Attualmente Samsung sta collaborando strettamente negli USA con la Consumer Product Safety Commission, agenzia federale che si occupa della sicurezza dei prodotti, cercando di capire quale strada sia meglio intraprendere per risollevare la situazione.

“Stiamo lavorando con le autorità competenti per indagare sui recenti casi che riguardano i Galaxy Note 7. Poiché la sicurezza dei clienti rimane la nostra priorità, Samsung chiede a tutti gli operatori telefonici e ai suoi partner commerciali in tutto il mondo di fermare le vendite e gli scambi dei Galaxy Note 7 mentre l’indagine è in corso.

Ci impegniamo a lavorare diligentemente con le autorità competenti per risolvere la situazione. I clienti con un Galaxy Note 7 originale o con un Galaxy Note 7 sostitutivo dovrebbero spegnere il loro dispositivo e smettere di usarlo, sfruttando le opportunità messe a disposizione.”

Quale futuro?

Questo comunicato è stato rilasciato da qualche ora ufficialmente da Samsung, che negli ultimi giorni ha perso anche molti punti percentuali in borsa (7,3%) oltre a stimare un danno economico variabile da 1 a 2 miliardi di dollari. Un danno che si ripercuote anche sulle società che collaborano con il marchio sudcoreano: Radiant Opto-Electronics Corp.(produttore di display) ha perso l’8,4% mentre HannsTouch Solution Inc. (produttore di sistemi touch) il 9,8%. Dati molto significativi e amari.

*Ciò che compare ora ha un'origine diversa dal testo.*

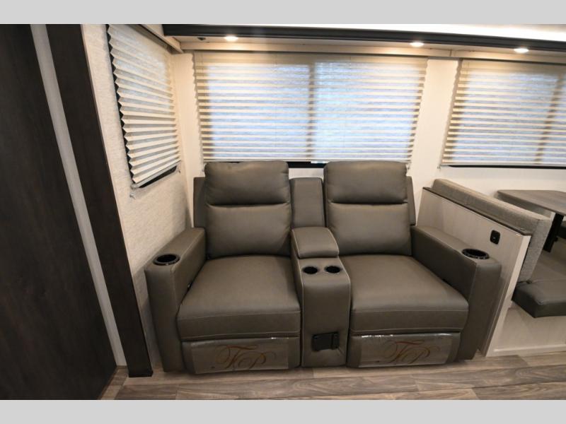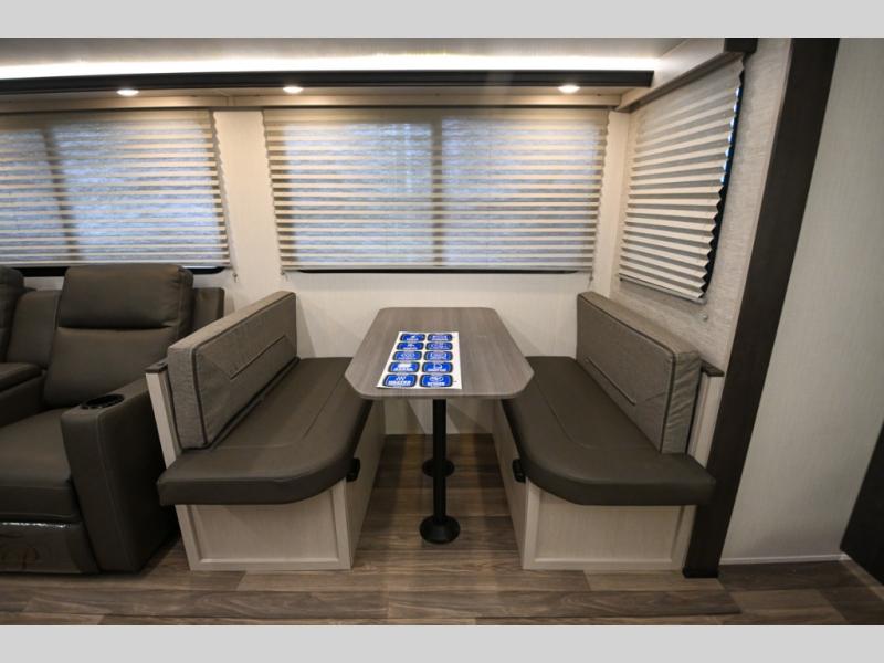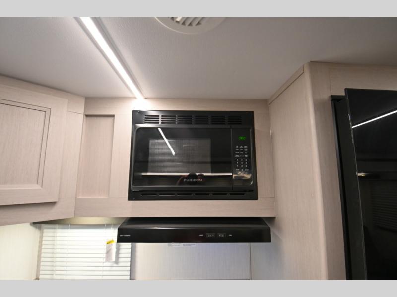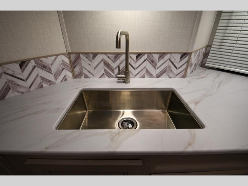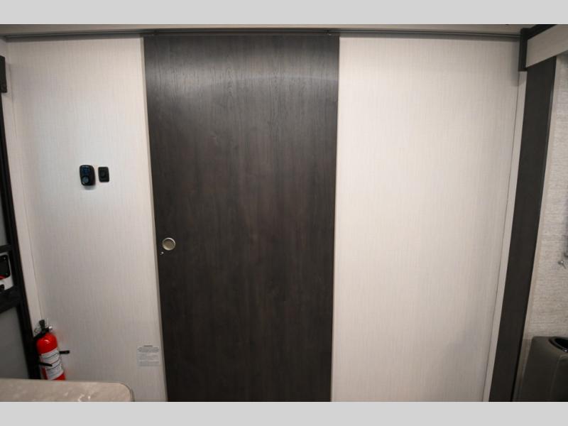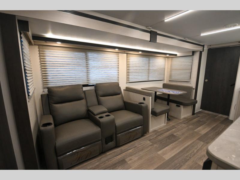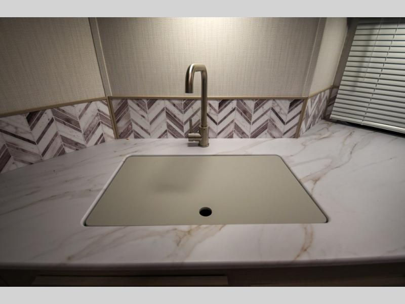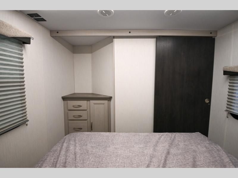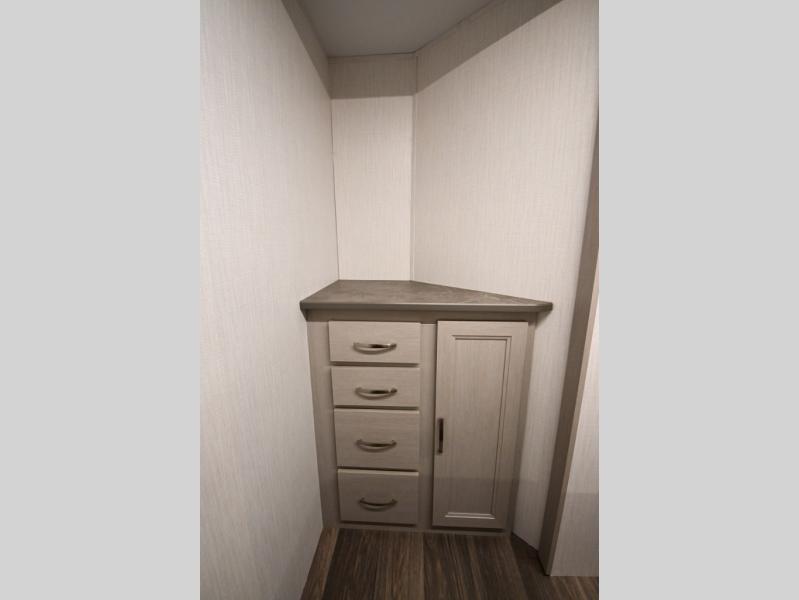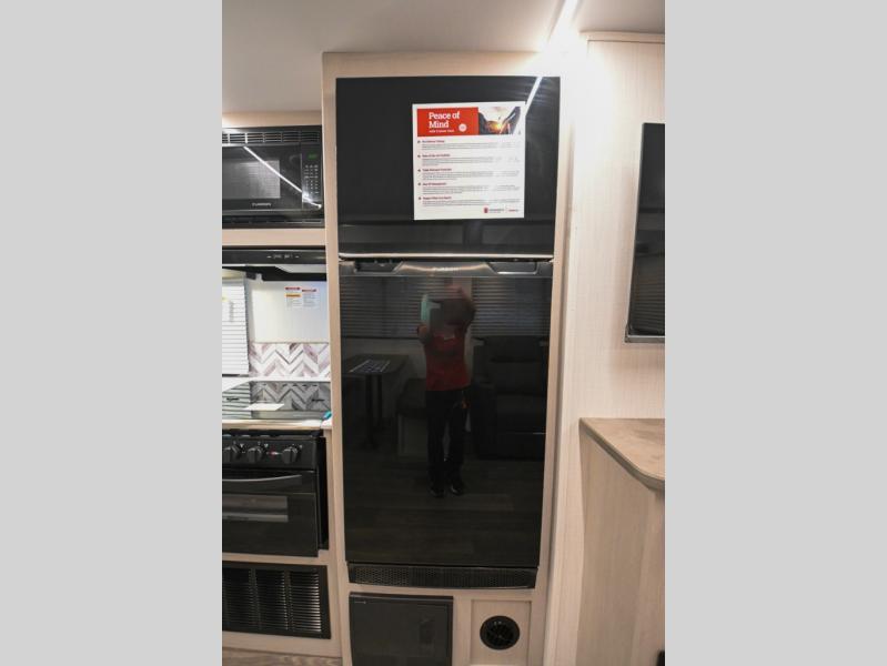 Camping just got a whole lot sweeter in this travel trailer! There is a large slide out for more interior space, and here you'll find the sofa and booth dinette across from the entertainment center with TV prep and a fireplace to make it feel more like home. The kitchen includes a three burner range and microwave oven to make meals each day, or you can head outdoors to cook on the outdoor kitchen with a griddle. When you're ready for some shut-eye, the queen bed up front will provide a great night's rest, and there are dual bedside wardrobes to keep your things organized.
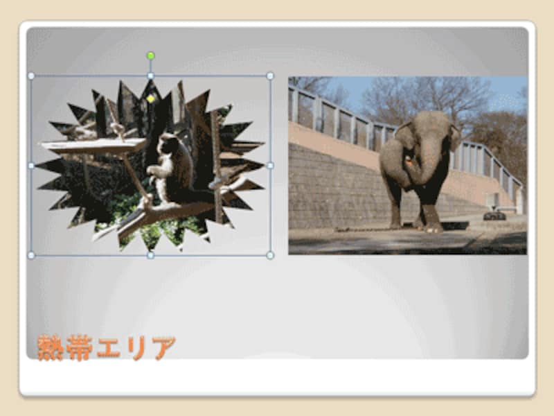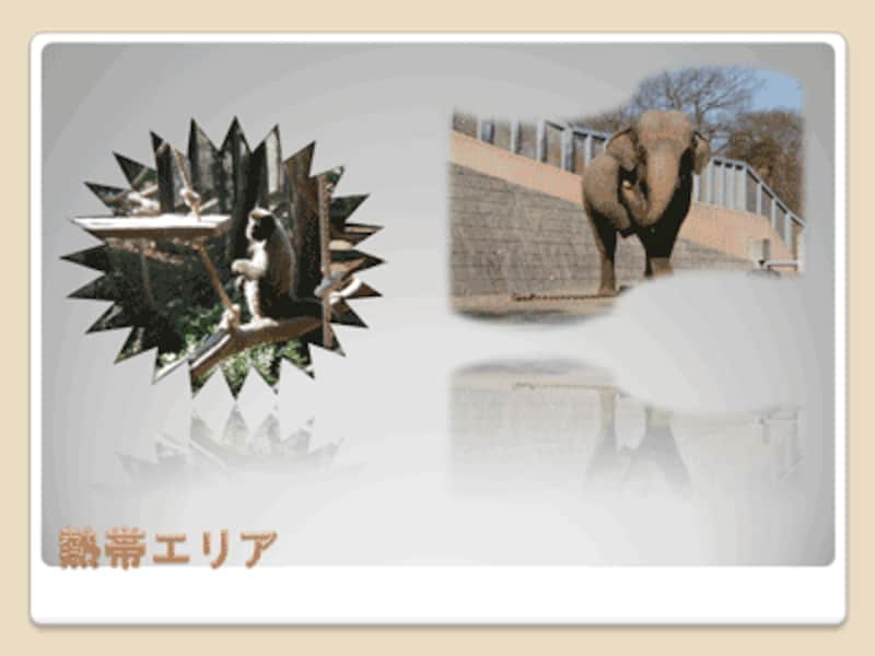 | 右側の象の写真は、フローチャートの形に切り抜いてから「ぼかし」と「反射」の効果を組み合わせた |
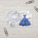 Cartão de visita de marcenaria elegante, com gráficos de um vestido azul brilhante, contra um fundo prateado e branco marmoreado, com sotaques de diamante falsos. Personalize o texto para atender às necessidades de sua empresa. Um cartão de destaque adorável para o seu negócio de alfaiate.
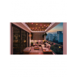 Stwórz przytulną poświatę lub barwną atmosferę imprezową na swoim tarasie, ganku lub w dowolnym innym miejscu na świeżym powietrzu. Ta girlanda z nietłukącymi się żarówkami w kształcie kuli emituje przepiękne światło w nasyconych barwach lub w kolorze bieli i zachwyca niezależnie od tego, czy korzystasz z efektu gradientu, czy też z animowanych efektów świetlnych. Bezpieczny system niskonapięciowy umożliwia podłączenie oświetlenia do istniejącego gniazdka elektrycznego za pomocą dołączonego zasilacza.
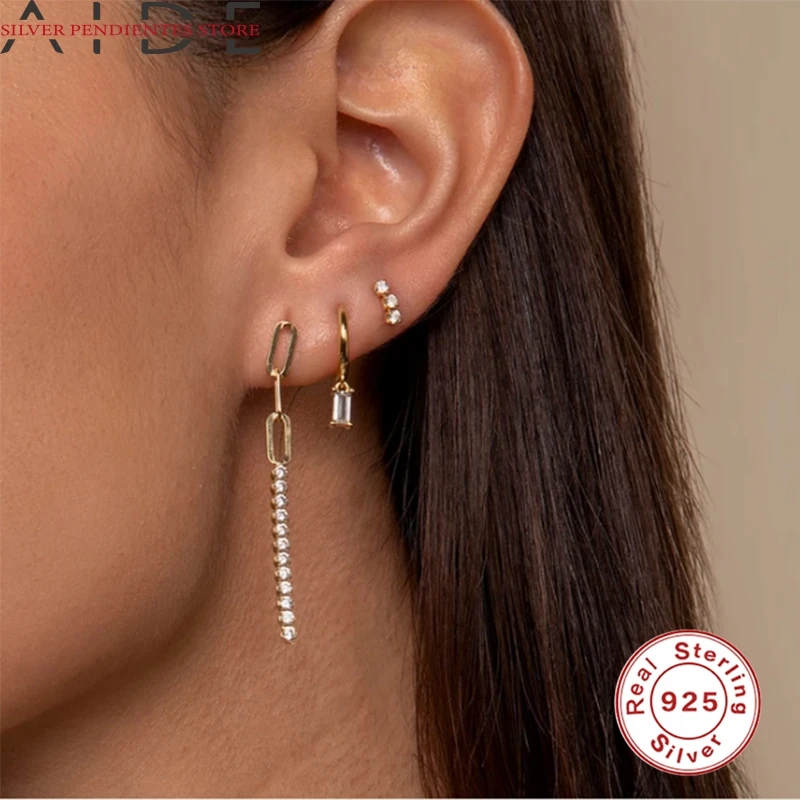 AIDE простые серьги из стерлингового серебра 925 пробы с белым цирконием, набор для женщин, длинные серьги-гвоздики с зажимом, ювелирные изделия
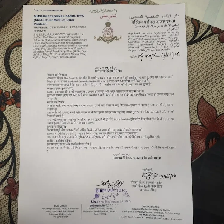 بعد ازاں، گانے پر بھارتی ریاست اترپردیش کے دارالافتاء کی جانب سے فتویٰ بھی جاری کردیا گیا ہے، یہ فتویٰ مسلم پرسنل دارالافتاء سے وابستہ ایک سینئر عالمِ دین کی جانب سے جاری کیا گیا۔
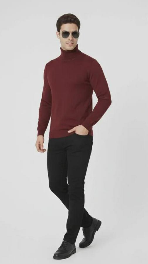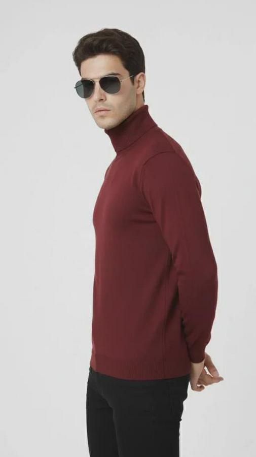 Tam Boğazlı Balıkcı Yaka Triko Kazak Yumuşak Dokulu Pamuklu Ince Dokuma, Uzun Kollu Rahat Regular Kalıp - Bordo
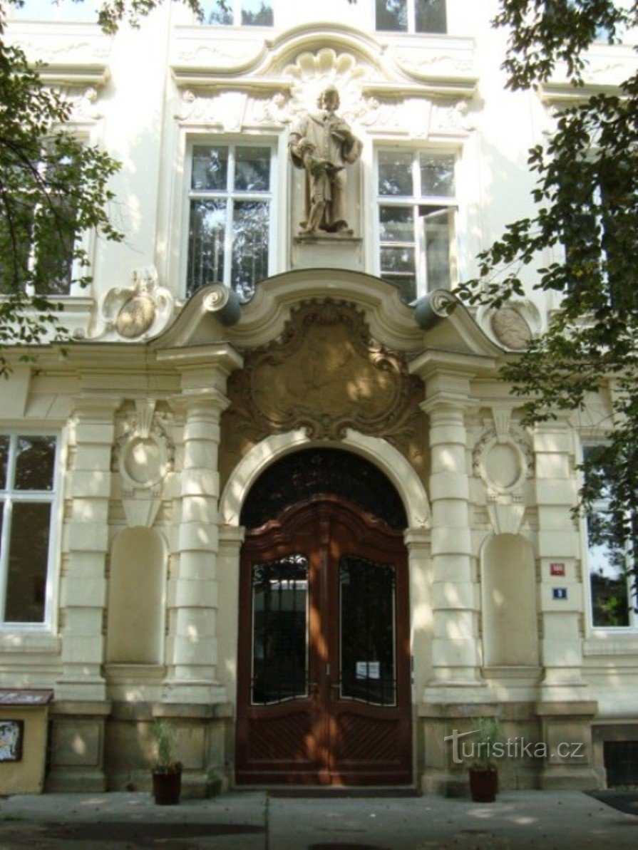 S rozvojem lázeňského města Poděbrady se měnil i ráz města. Vesnický ráz Nymburského předměstí se postupně měnil výstavbou nové vilové čtvrti. Na západním okraji Lázeňského parku byla postavena v r. 1905 podle projektu Františka Schlaffera budova chlapecké měšťanské školy, dnešní gymnázium. Průčelí gymnázia vyzdobil plastikami poděbradský sochař Milan Havlíček. Zanedlouho kolem školy vyrostly…
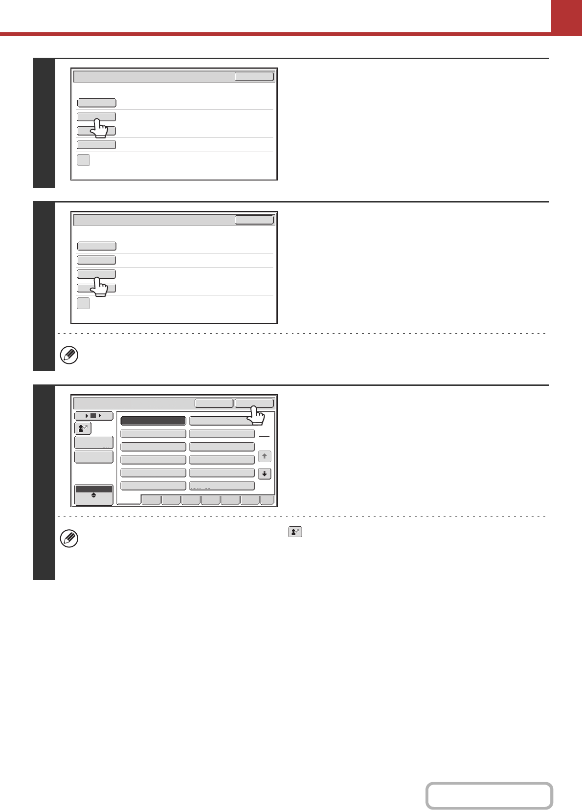 • To specify the return address, you can touch the key and enter a user number that has been previously stored
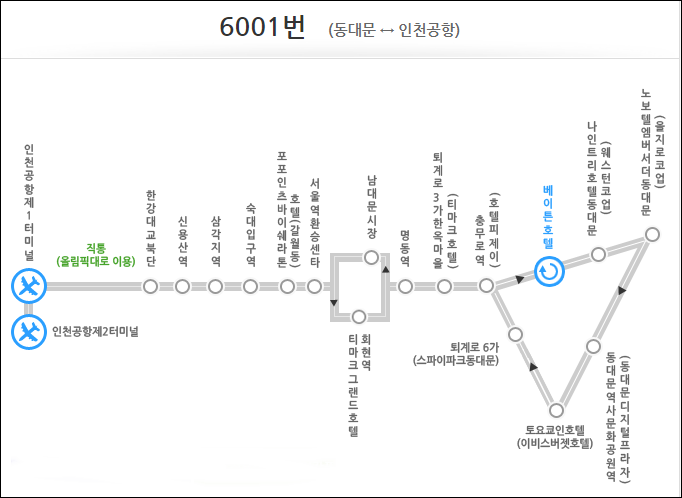 동대문 베이튼호텔 - 나인트리호텔 웨스턴코업 - 노보텔동대문 을지로 코업 - 동대문역사문화공원 - 토요코인 호텔- 스파이파크 동대문 - PJ호텔 - T마크 호텔 - 명동역 - 남대문 - 서울역 - 숙대입구 - 삼각지 - 용산우체국 - 신용산 - 인천공항
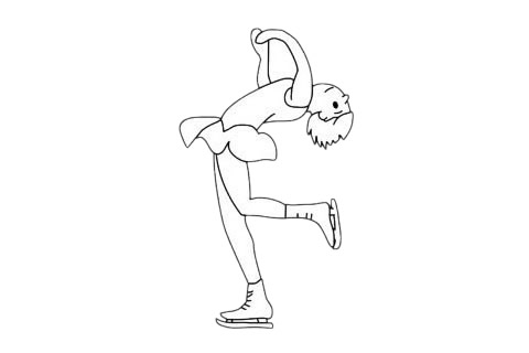 花样滑冰运动员简笔画分步骤画法步骤是:画出运动员侧脸,加上头发,画出上半身,加上腿,画出穿滑冰鞋的脚。
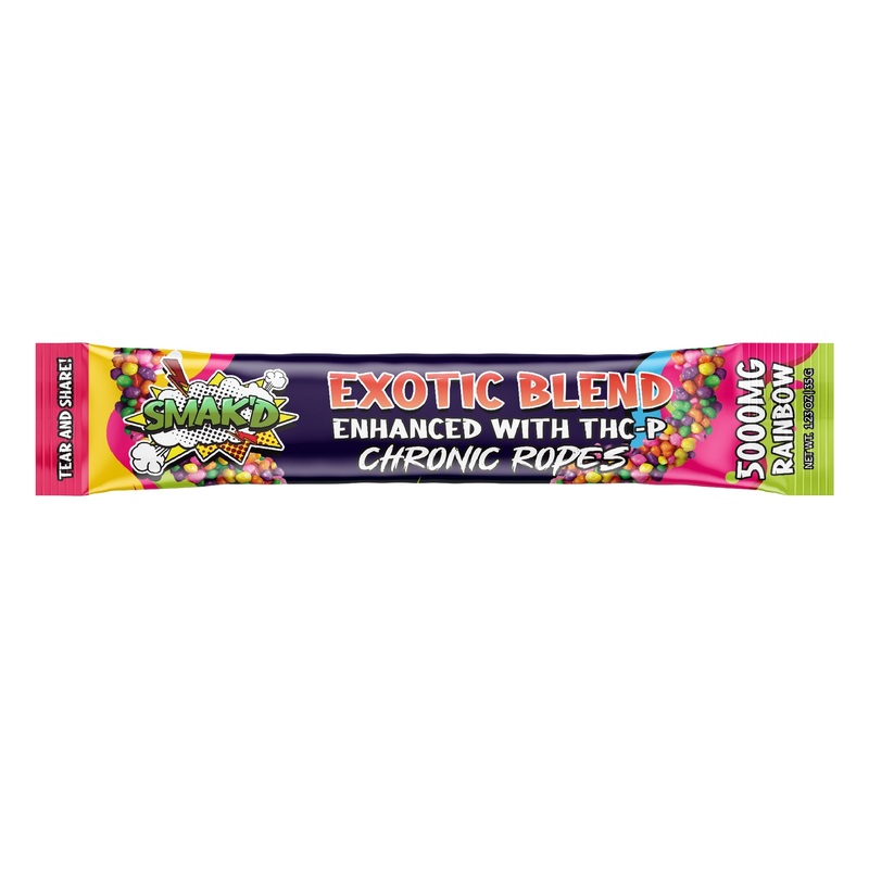 Satisfy your sweet tooth and elevate your experience with Smakd TKO Exotic Blend Candy Rope – 5000mg! Indulge in a delicious gummy rope wrapped in colorful candy clusters, packed with 5000mg of Delta 8, THC-P, and HHC for a potent blend. Tear and share with friends for a truly exotic treat.
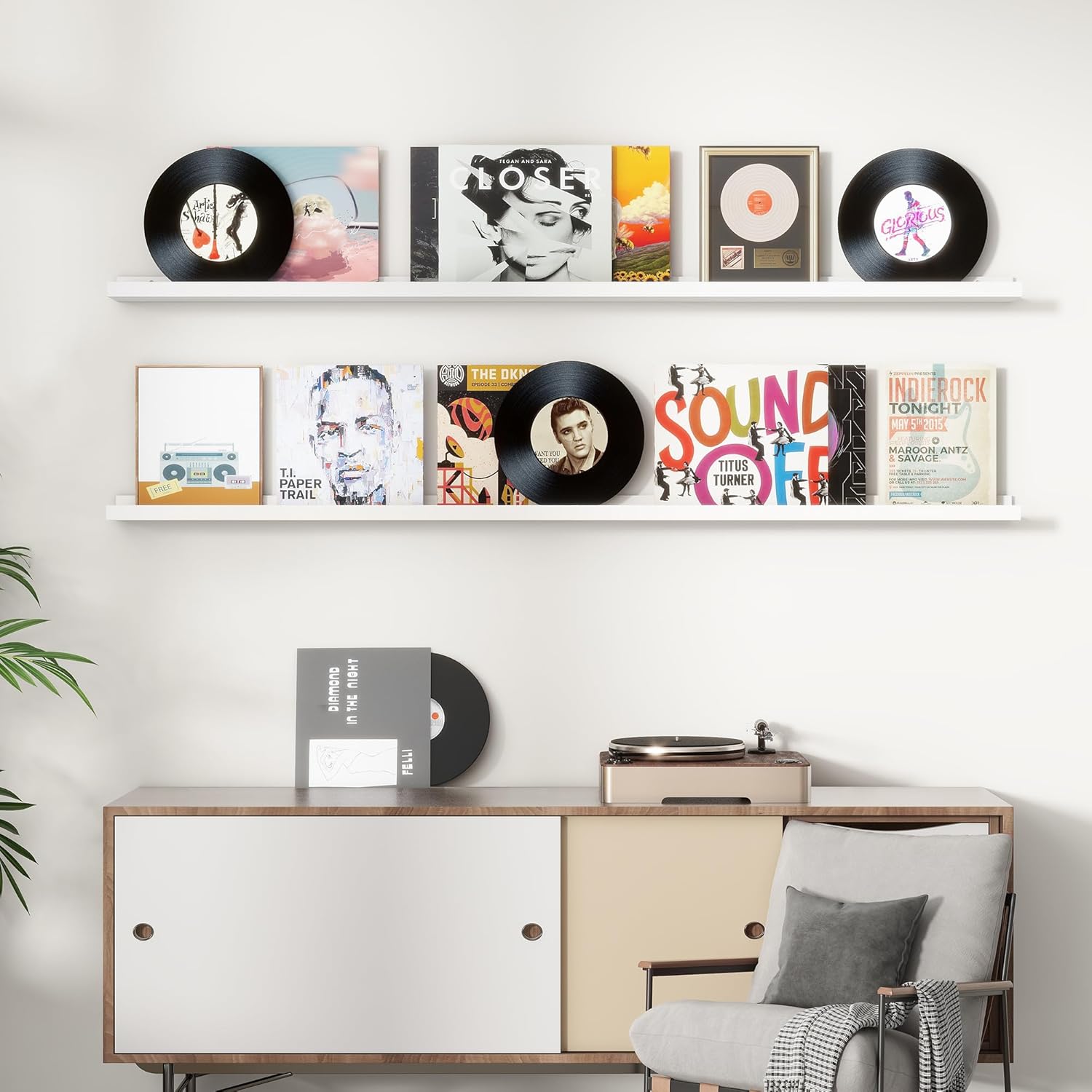 Picture Ledge Shelf, Floating Shelves Set of 2, Solid Pine Wood 72'' Long Large Nursery Book Shelves for Toys Storage, Kids Bookshelf for Living Room Bedroom Decor Books Photo Frames, White
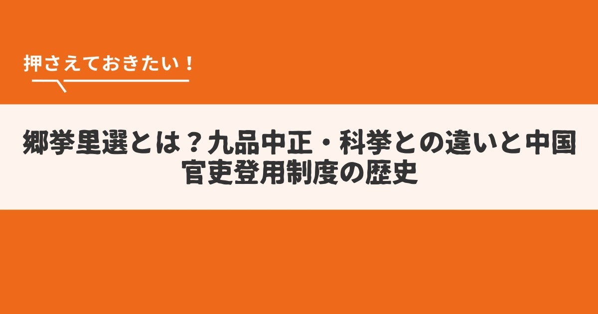 中国史において重要な官吏登用制度には、「郷挙里選」「九品中正」「科挙」という三つの大きな流れがあります。これらは時代ごとに特徴や目的、選ばれ方が大きく異なり... -

Attualmente non si conosce ancora il piano di azione di Samsung: alcune voci dicono che il progetto Galaxy Note 7 possa venire definitivamente abbandonato in favore dei modelli già presenti sul mercato e concentrarsi con più concretezza sul futuro mentre altre parlano di un ulteriore richiamo. Non ci resta che attendere quale politica e strada sceglierà di percorrere il colosso sudcoreano in merito.

  • MagicKnight

    Intanto potrebbe iniziare col dichiarare pubblicamente qual’è la vera causa di queste “esplosioni” visto che non sono le batterie e questo tutti sembrano averlo capito… perché se non dimostrano di aver compreso dove hanno sbagliato chi si fida a comprare i prossimi flagship del loro marchio temendo che potrebbero subire le stesse sorti del Note 7 ?

    • alfa_it

      Ciao MagicKnight,
      il tuo punto di vista non fa una piega e tutti noi siamo desiderosi di avere delucidazioni in merito. Sicuramente Samsung saprà ricercare le reali motivazioni di questo problema che ha mandato in pensione prematuramente il progetto Galaxy Note 7.